- ASSIGNMENT: Strip out all images, then restate the data verbatim.

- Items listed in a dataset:
┏━━

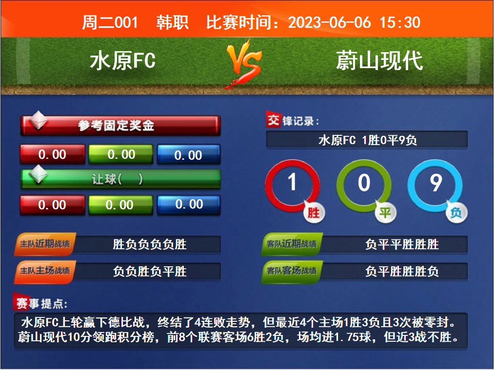 比賽時間:2023-06-06 15:30賽事提點:水原FC上輪贏下德比戰,終結了4連敗走勢,但最近4個主場1勝3負且3次被零封。蔚山現代10分領跑積分榜,前8個聯賽客場6勝2負,場均進1.75球,但近3戰不勝。
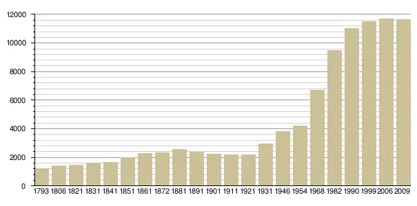 - Avant 1968 : Cassini ; depuis 1968 : recensements INSEE ; recensement INSEE 2006., наведено за французькою вікіпедією
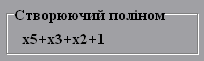 у відповідному полі "Створюючий поліном" отримаємо наступний запис:
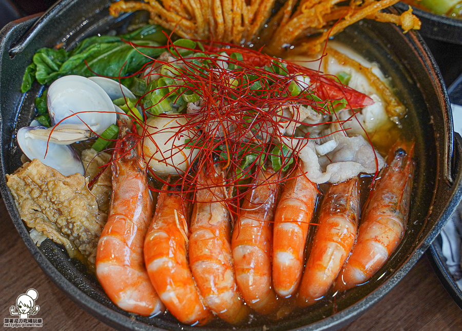 喜歡重口味饕客必點招牌川味麻奶、經典麻辣,還有帶有台式風味的剝皮辣椒是我的愛,一鍋高達7尾蝦
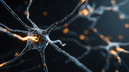 This stunning image captures a detailed neuron featuring glowing synapses amidst a dark abstract background, illustrating the complexity of neural connections and brain activity.
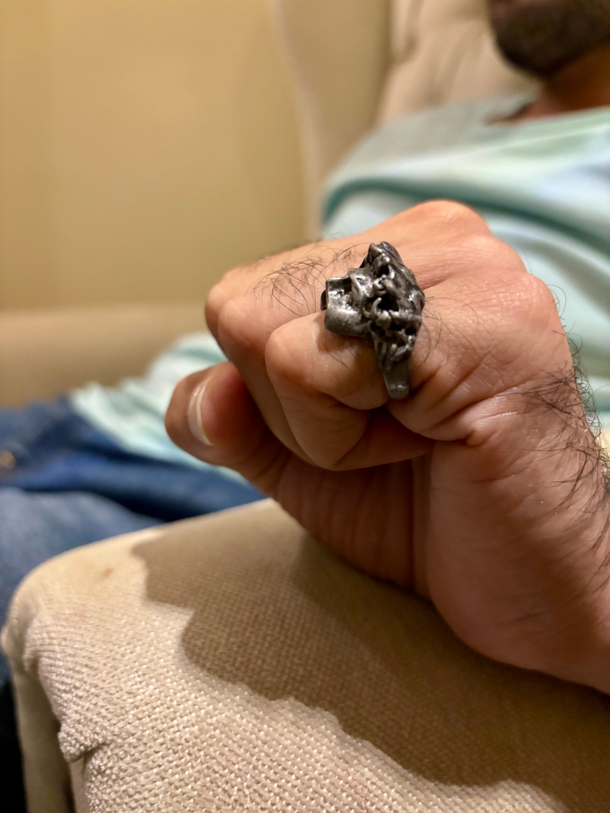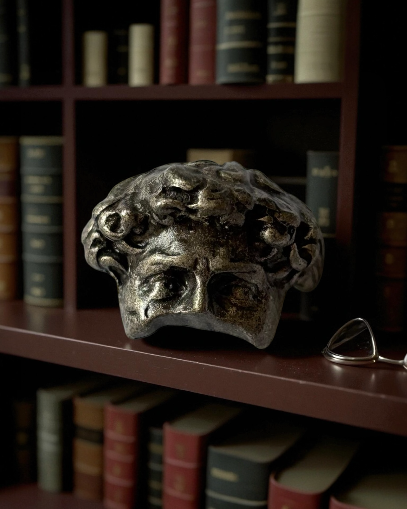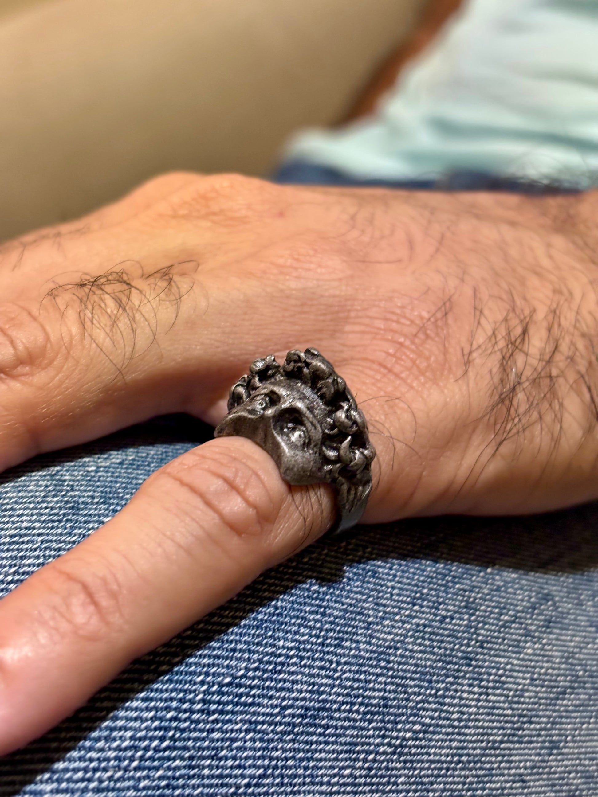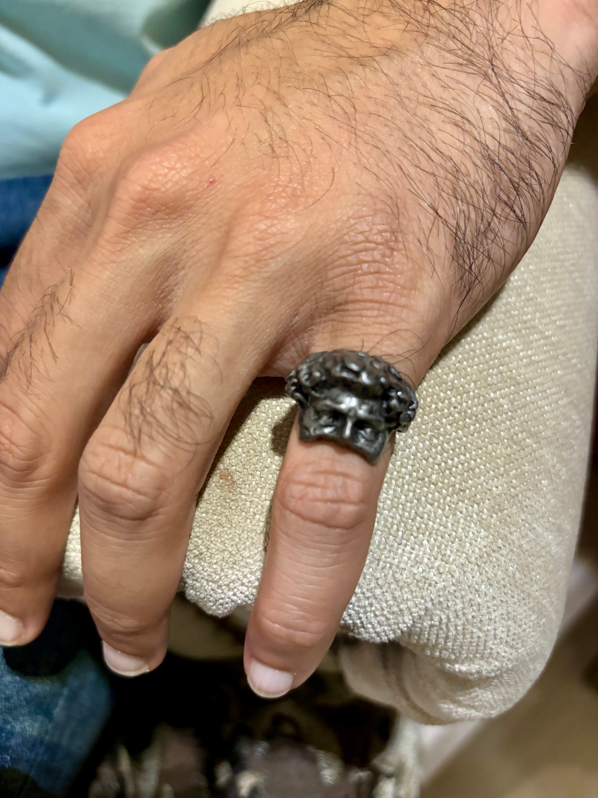 A tribute to timeless intellect and strength, Athenian Relic captures the essence of ancient mastery. Hand-forged in aged silver tones, its sculpted form embodies wisdom, rebellion, and quiet power — a piece that feels excavated from history, yet made for the modern thinker.
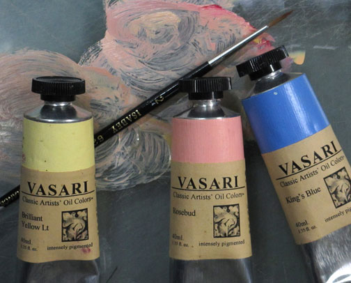 David mostly uses Vasari’s handmade oil paint. If you’ve read my blog you know I’m a big Vasari paint lover, so this one was not new to me but it did give me a chance to try out some new paint colors. I already had the rosebud, and pairing that with the Video blue extra pale and the Brilliant yellow light, gives you a high value balanced triad that works well for portraits. Vasari is creamy without being runny, is very pure and saturated. If you’ve never used this paint think about trying it.
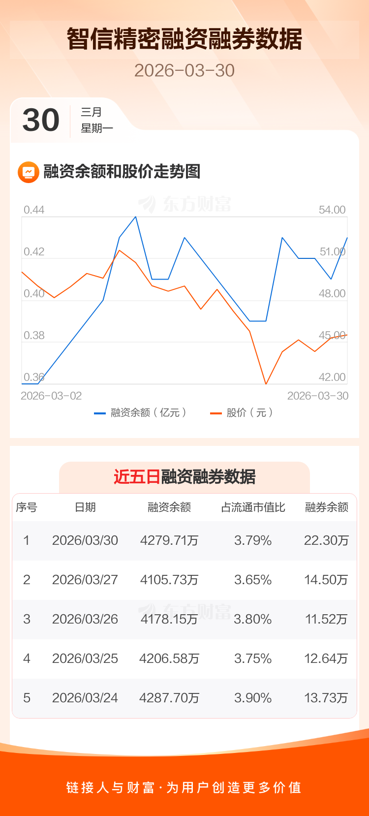 交易所最新数据显示,智信精密于2026年3月30日获融资买入420.58万元,融资偿还246.60万元,当日融资净买入173.98万元。目前,该股融资余额4279.71万,占流通市值比例为3.79%。
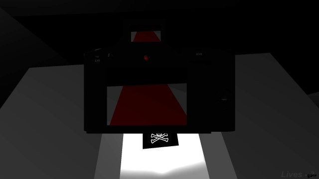 最初の部屋で、カメラを持って、入った場所の反対側の壁にある大きな通気孔を指さします。ここで重要なのは、カメラを持って、ジャンプ中に赤いオブジェクトを見ていることを確認することです。そうしないと、落ちてしまいます.
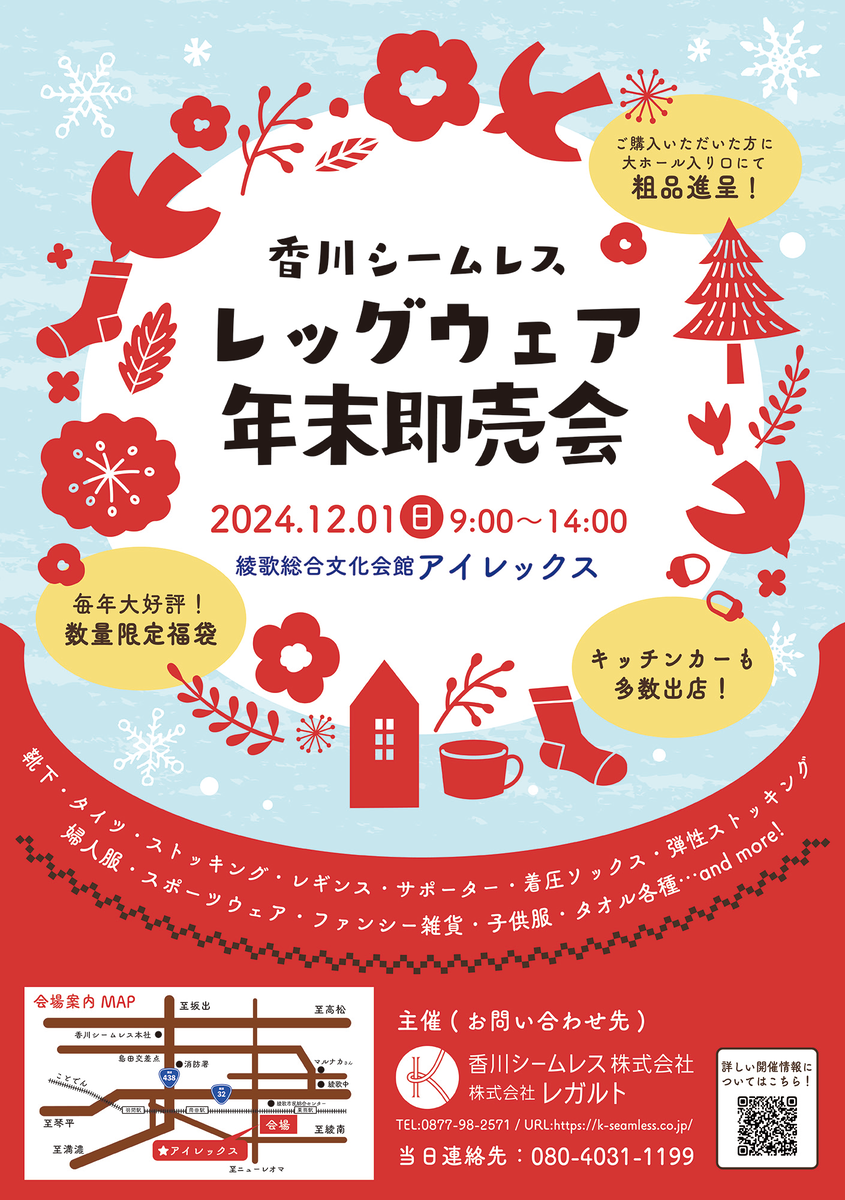 例年同様、弊社香川シームレス㈱で生産したストッキングやタイツはもちろん、ソックスやサポーター、弾性ストッキング、着圧ソックス、婦人服やインナーなどを販売します。
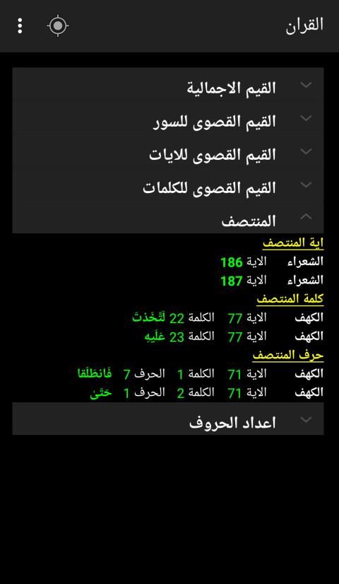 Cari Program statistik dan Al-Qur'an adalah aplikasi Android menyediakan teks lengkap membaca Al-Quran. Dengan bantuan pencarian aplikasi ini untuk teks tertentu dalam Al-Quran atau berada dalam Surat tertentu dan menawarkan jumlah numerik yang berbeda dari Quran dan pagar dan ayat.
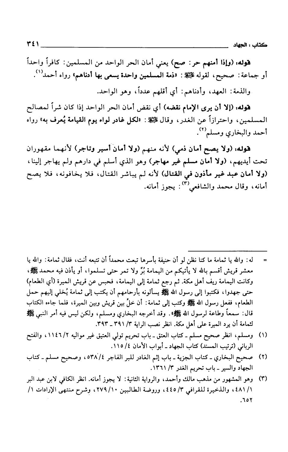 قوله: (إلا أن يرى الإمام نقضه) أي نقض أمان الحر الواحد إذا كان شراً لمصالح المسلمين، واحترازاً عن الغدر، وقال عليه السلام: "لكل غادر لواء يوم القيامة يعرف به" رواه أحمد والبخاري ومسلم.
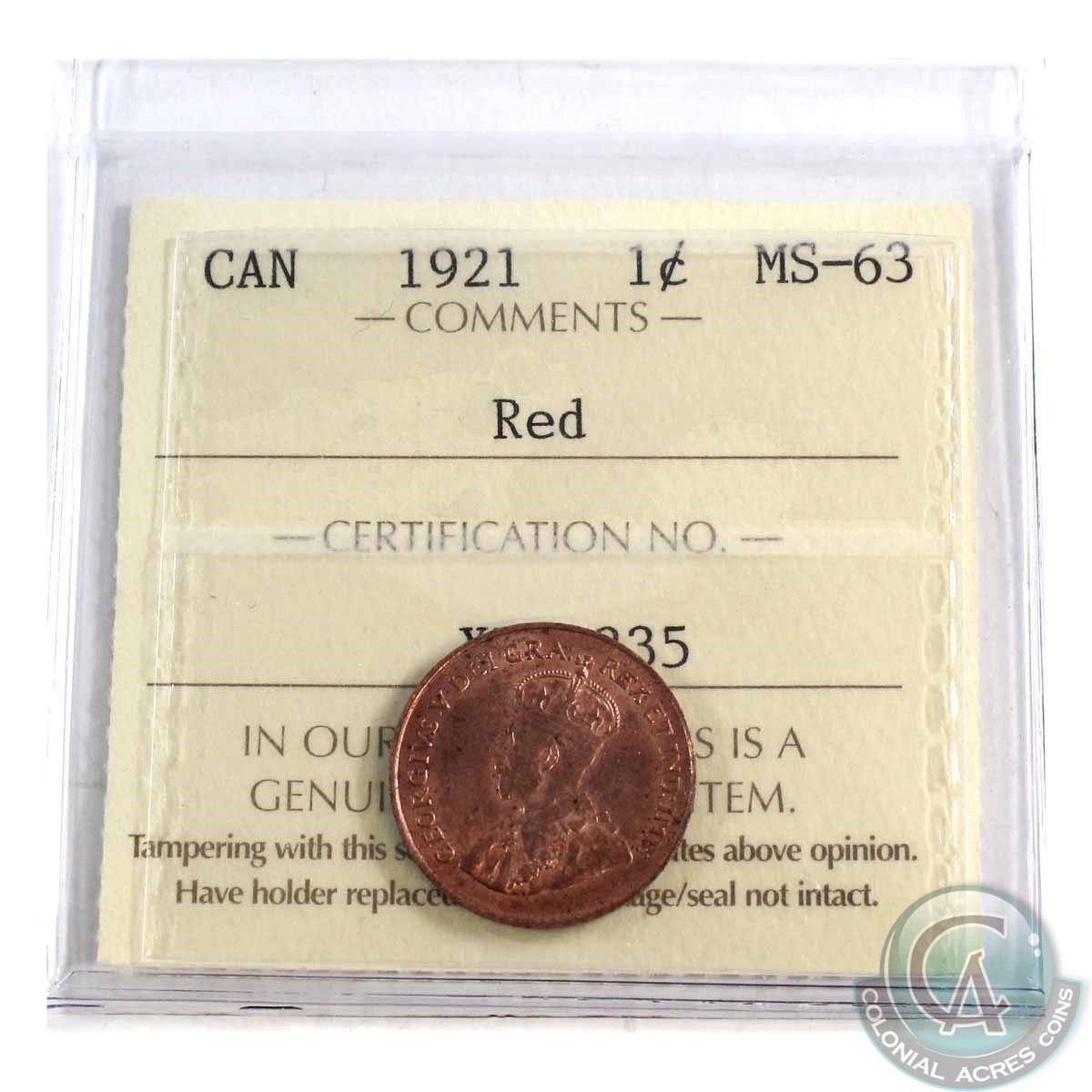 1-cent 1921 ICCS Certified MS-63 Red.

┗━━

- TASK ANSWER:
 比賽時間:2023-06-06 15:30賽事提點:水原FC上輪贏下德比戰,終結了4連敗走勢,但最近4個主場1勝3負且3次被零封。蔚山現代10分領跑積分榜,前8個聯賽客場6勝2負,場均進1.75球,但近3戰不勝。
 - Avant 1968 : Cassini ; depuis 1968 : recensements INSEE ; recensement INSEE 2006., наведено за французькою вікіпедією
 у відповідному полі "Створюючий поліном" отримаємо наступний запис:
 喜歡重口味饕客必點招牌川味麻奶、經典麻辣,還有帶有台式風味的剝皮辣椒是我的愛,一鍋高達7尾蝦
 This stunning image captures a detailed neuron featuring glowing synapses amidst a dark abstract background, illustrating the complexity of neural connections and brain activity.
 A tribute to timeless intellect and strength, Athenian Relic captures the essence of ancient mastery. Hand-forged in aged silver tones, its sculpted form embodies wisdom, rebellion, and quiet power — a piece that feels excavated from history, yet made for the modern thinker.
 David mostly uses Vasari’s handmade oil paint. If you’ve read my blog you know I’m a big Vasari paint lover, so this one was not new to me but it did give me a chance to try out some new paint colors. I already had the rosebud, and pairing that with the Video blue extra pale and the Brilliant yellow light, gives you a high value balanced triad that works well for portraits. Vasari is creamy without being runny, is very pure and saturated. If you’ve never used this paint think about trying it.
 交易所最新数据显示,智信精密于2026年3月30日获融资买入420.58万元,融资偿还246.60万元,当日融资净买入173.98万元。目前,该股融资余额4279.71万,占流通市值比例为3.79%。
 最初の部屋で、カメラを持って、入った場所の反対側の壁にある大きな通気孔を指さします。ここで重要なのは、カメラを持って、ジャンプ中に赤いオブジェクトを見ていることを確認することです。そうしないと、落ちてしまいます.
 例年同様、弊社香川シームレス㈱で生産したストッキングやタイツはもちろん、ソックスやサポーター、弾性ストッキング、着圧ソックス、婦人服やインナーなどを販売します。
 Cari Program statistik dan Al-Qur'an adalah aplikasi Android menyediakan teks lengkap membaca Al-Quran. Dengan bantuan pencarian aplikasi ini untuk teks tertentu dalam Al-Quran atau berada dalam Surat tertentu dan menawarkan jumlah numerik yang berbeda dari Quran dan pagar dan ayat.
 قوله: (إلا أن يرى الإمام نقضه) أي نقض أمان الحر الواحد إذا كان شراً لمصالح المسلمين، واحترازاً عن الغدر، وقال عليه السلام: "لكل غادر لواء يوم القيامة يعرف به" رواه أحمد والبخاري ومسلم.
 1-cent 1921 ICCS Certified MS-63 Red.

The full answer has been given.